I think for Warren her best VP would be former senator and former envoy Russ Feingold. For number of reasons. 1. He’s from wiscounsin a Midwestern swing state a state that Trump won in 2016 he could her win that and other Midwestern states. 2. Yes it is true Warren doesn’t have much of a working class constituency but Russ Feingold does he’ll help her win over those voters. 3. He brings a lot of experience to the ticket he served in the senate for 18 years and knows the ins and outs of how Washington works. 4. He sat on the Foreign relations, judiciary, intelligence, and budget committees. He brings so much foriegn policy experience to the ticket which Warren lacks. He was also the Chairman of the constitution oversight very important since it’s the VP who swears in the senators. 5. He has a history of being a maverick in the senate and signed many bipartisan legislation very appealing to help win over independent voters. 6. He was an envoy to the Great Lakes of Africa under the Obama Administration so he knows firsthand what it’s like to work in a cabinet. 7. Russ Feingold is a progressive like Warren and with him on the ticket it would prove to Bernie Bro’s she’s not good sellout to the establishment and she’ll win them over. 8. He has a history of fighting against corruption something that’s been Warren’s campaign theme who better than to have a partner by your side helping you fight corruption. 9. It also brings in diversity a woman and a Jewish man on a ticket. 10. Russ Feingold is not serving any positions of power right now so picking him will not effect the senate like others would. WARREN/FEINGOLD 2020!!!!!!
Not gonna happen, but it checks a lot of boxes and solves a lot of problems for Biden. And, it makes for a fun hypothetical.
Biden/Rice.
She’s qualified. She’s a woman. She’s black. She gives right thinking republicans cover to support Biden.
I strongly suspect that the blog author will hate this idea. LOL
For the avoidance of doubt, I meant Condoleezza, not Susan.
Doesn’t matter; neither meets my criteria as neither has ever run for office much less run for president. A national campaign would chew them alive. And that’s before we get to all the other problems.
You mean like Trump had never run for office? It’s a good thing we have that trusty old political play book to refer to when thinking about this election.
This is just for fun, but think about it. Biden/Rice gets the Obama vote, the Clinton vote, and the Bush vote. The far left won’t vote for Trump, so, they’ll go along too. It gets black voters. It gets voters who’d like to see a woman in high office. It could get centrists who are dissatisfied with divisive politics and republicans who are disgusted by Trump back to the polls and voting for the Biden/Rice ticket (as opposed to staying home or throwing away their vote on some third party candidate).

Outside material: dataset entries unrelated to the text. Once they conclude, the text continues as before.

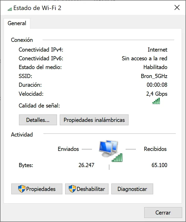 Lors de nos récents tests, nous avons réalisé des synchronisations avec le routeur 2,4 Gbit/s, c’est-à-dire la vitesse maximale que le Wi-Fi 6 nous permet avec 160 MHz de largeur de canal et 2 antennes internes :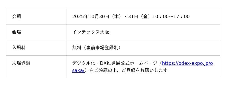 JCOM株式会社(J:COM、本社:東京都千代田区、代表取締役社長:岩木 陽一)は、2025年10月30日(木)・31日(金)に開催される「第5回 デジタル化・DX推進展(ODEX) 大阪会場」(主催:デジタル化・DX推進展 実行委員会、後援:総務省、厚生労働省、経済産業省、国土交通省、デジタル庁)に出展いたします。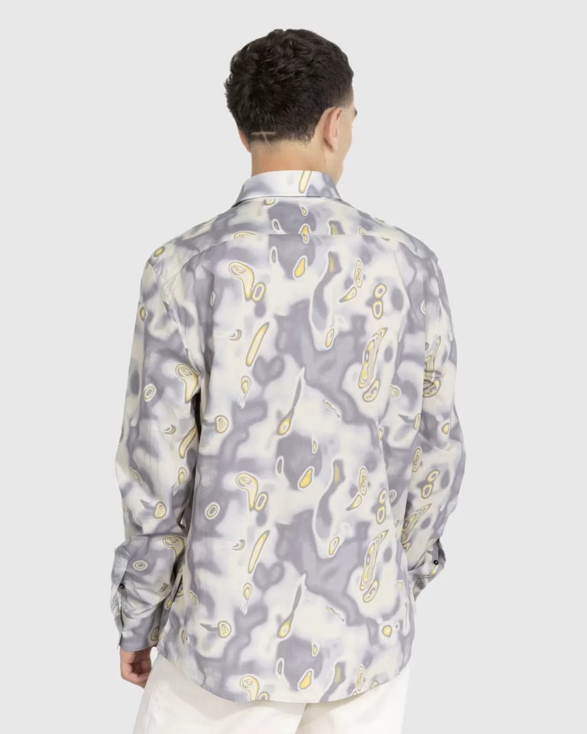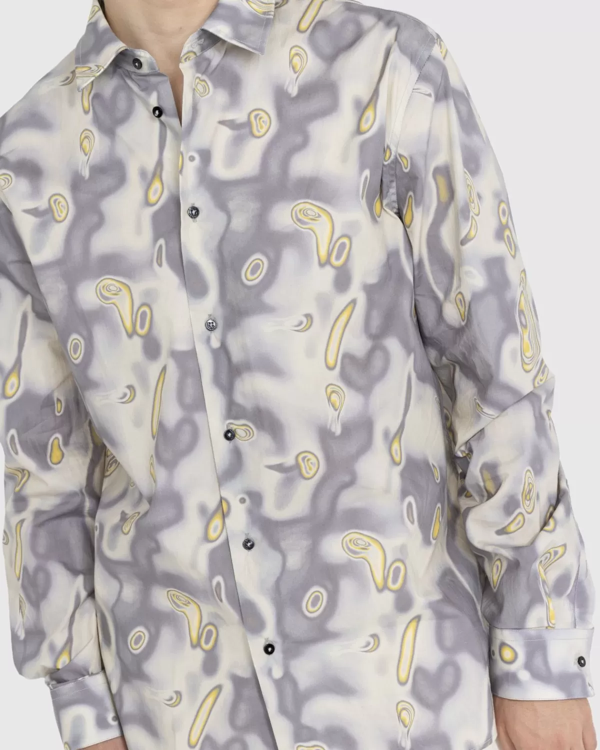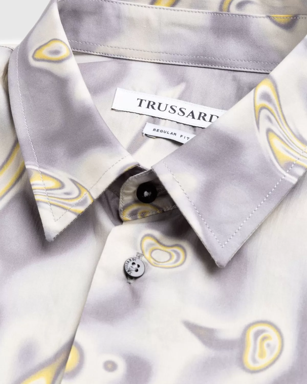 Trussardi’S Vermogen Om Tijdloze Silhouetten Te Voorzien Van Nieuwe, Opvallende Ontwerpen Komt Volledig Tot Uiting In Het Heat Map Print-Shirt Van Dit Seizoen. Dit Kledingstuk Heeft Een Standaardpasvorm Met Een Psychedelische, Bijna All-Over Digitale Print Die Lijkt Op Camouflage En Heeft Een Klassieke Puntige Kraag Met Overal Contrasterende Knopen.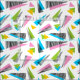 Un patrón abstracto compuesto de triángulos con algunos en color sólido y otros con varias texturas de grunge natural.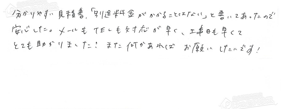 「ほっとハウス」の評判・お客様の声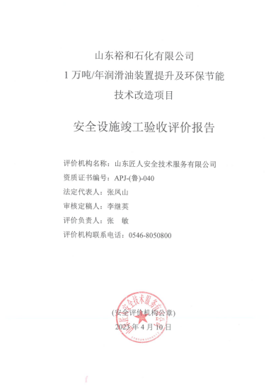 单位名称、项目名称:山东裕和石化有限公司1万吨年润滑油装置提升及环保节能技术改造项目 | |||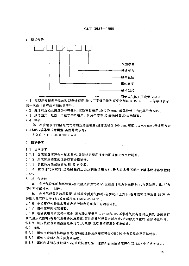 CJ/T 3053-1995 隔绝式气体加压膨胀装置
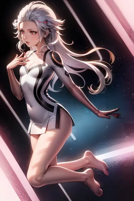 她的默认装扮是 aiba, 赤脚, 小胸, 连衣裙, 胸部轮廓, 发光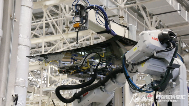 6月24日,在广汽乘用车有限公司新疆分公司总装车间涂胶工位,机器人负责精确控制风挡玻璃的位置,而上方的供胶枪则精确在相应位置进行涂胶。资料图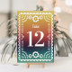 Este belo cartão de número da mesa de casamento inspirado no papel picado apresenta um quadro de ornamentado em branco sobre um fundo de gradiente chic sunset, e tipografia festiva. Esta elegante, porém moderna design é uma opção fabulosa para um casamento latinx, janto de ensaio, festa de noivado ou chá de panela. Consulte coordenando itens na coleção...
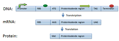 Figur 19. Oversigt over nødvendige, regulerende dele for gen-ekspression. Det ses desuden, om de er til stede på DNA-, mRNA og protein-niveau. Længderne på figuren svarer ikke til de aktuelle længder. RBS: Ribosombindingssted. ATG: Startcodon. TAG: Stopcodon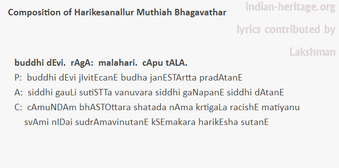 buddhi dEvi. rAgA: malahari. cApu tALA. - Composition of Harikesanallur Muthiah Bhagavathar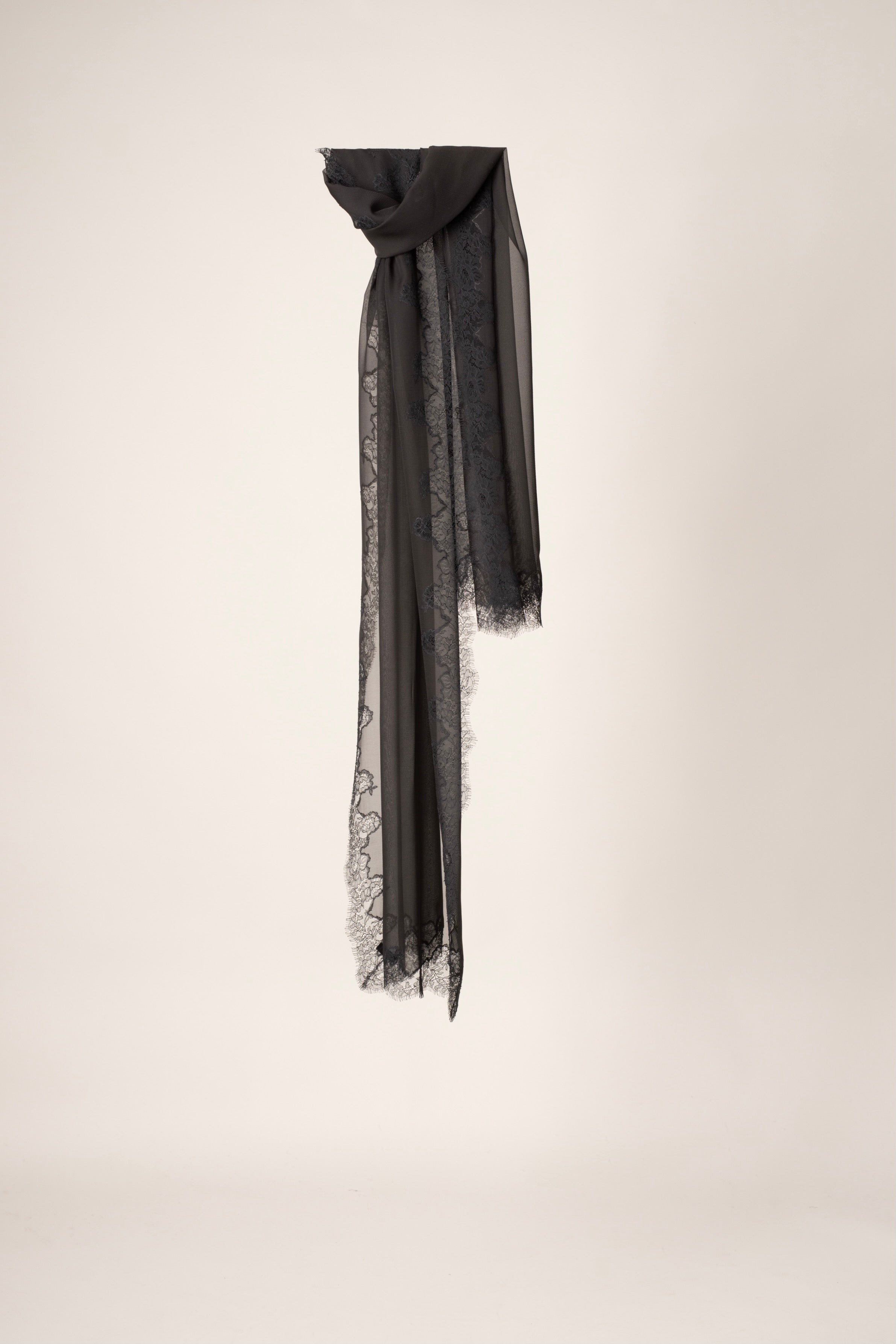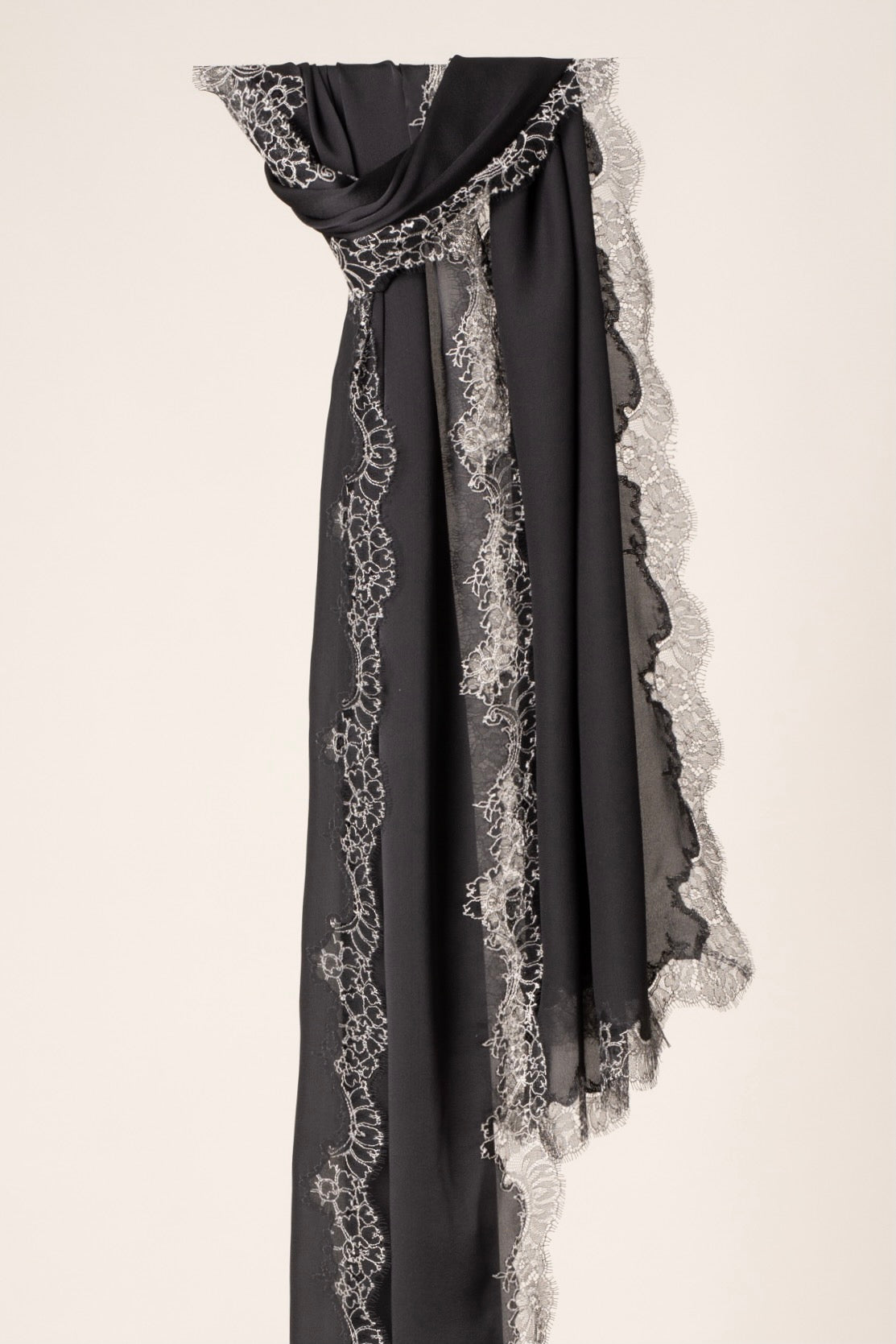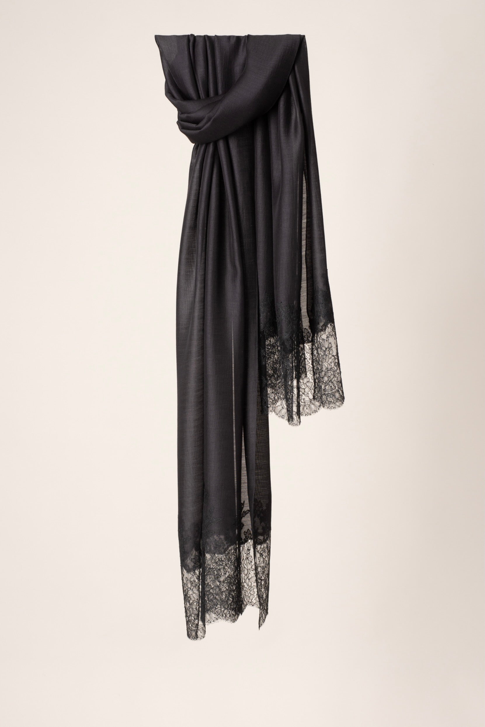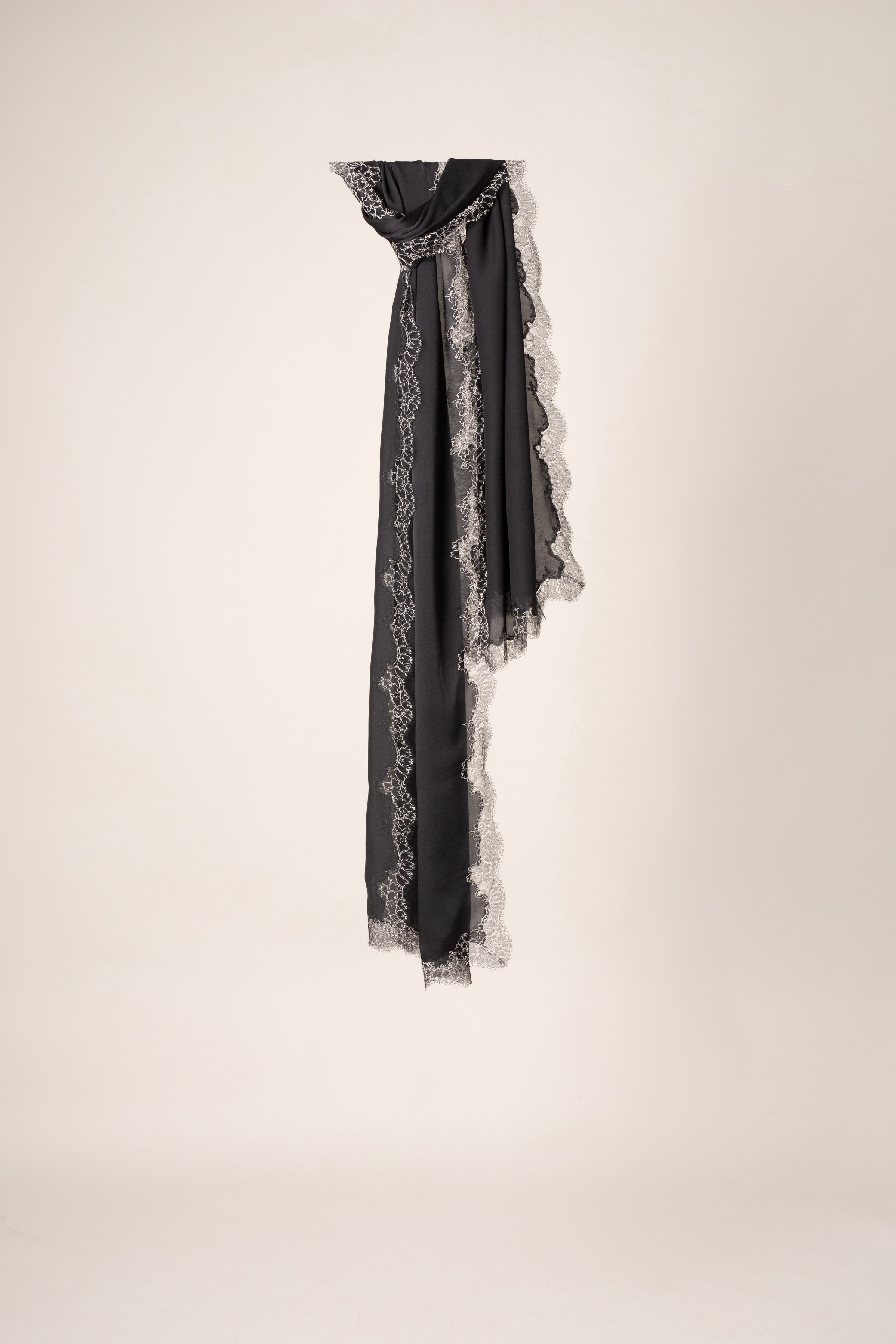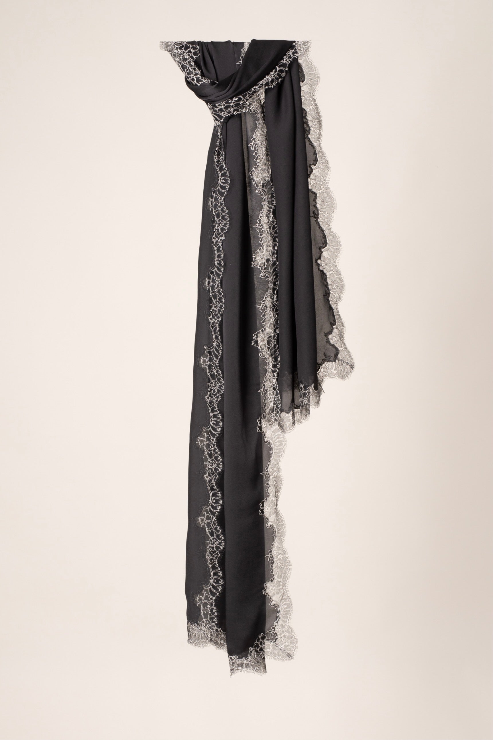Etole en soie et cachemire noire et dentelle Ceres noire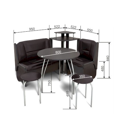 Оригинальный кухонный уголок Лотос отличается от других похожих кухонных гарнитуров. Он состоит из двух отдельных диванчиков и этажерки, заменяющей угловую мягкую часть. Круглый кухонный стол в отличие от других наборов мебели на металлическом основании как и два круглых табурета. Набор мебели для кухни включающий в себя большую прямую скамью,малую прямую скамью,угловую этажерку, стол на металлических ногах и два табурета на металлокаркасе. В прямых скамьях под сиденьями расположены ящики.

I know the crazy Tea Party/flat earthers of the world will still vote for Trump. But that can’t be helped. I am not in love with Condoleeza. She has lots of warts. She’s wooden. And she’s part of the Bush 43 machine that took us to Iraq (would have been unforgivable to me before Trump’s madness cast a new light on what is and what is not possible). But desperate times call for desperate measures.
If not Rice, fine. Who do you think works best to help get Trump out of office. A lot has changed since you first posted this. Has the senator from Minnesota (Klobuchar)’s shine dulled in the last 6 or 7 months?
The pundits say the MN tie has hurt Klobuchar and that sounds plausible. And the pundits say the leading candidates for Biden’s veep are Warren and Harris, which I also have no reason to doubt. Leaving aside my preferences, both seem to bring something and maybe cost something. So I imagine it will come down to personal chemistry.
Other names bruted about like Val Demings also fail my ‘been in the cauldron’ test.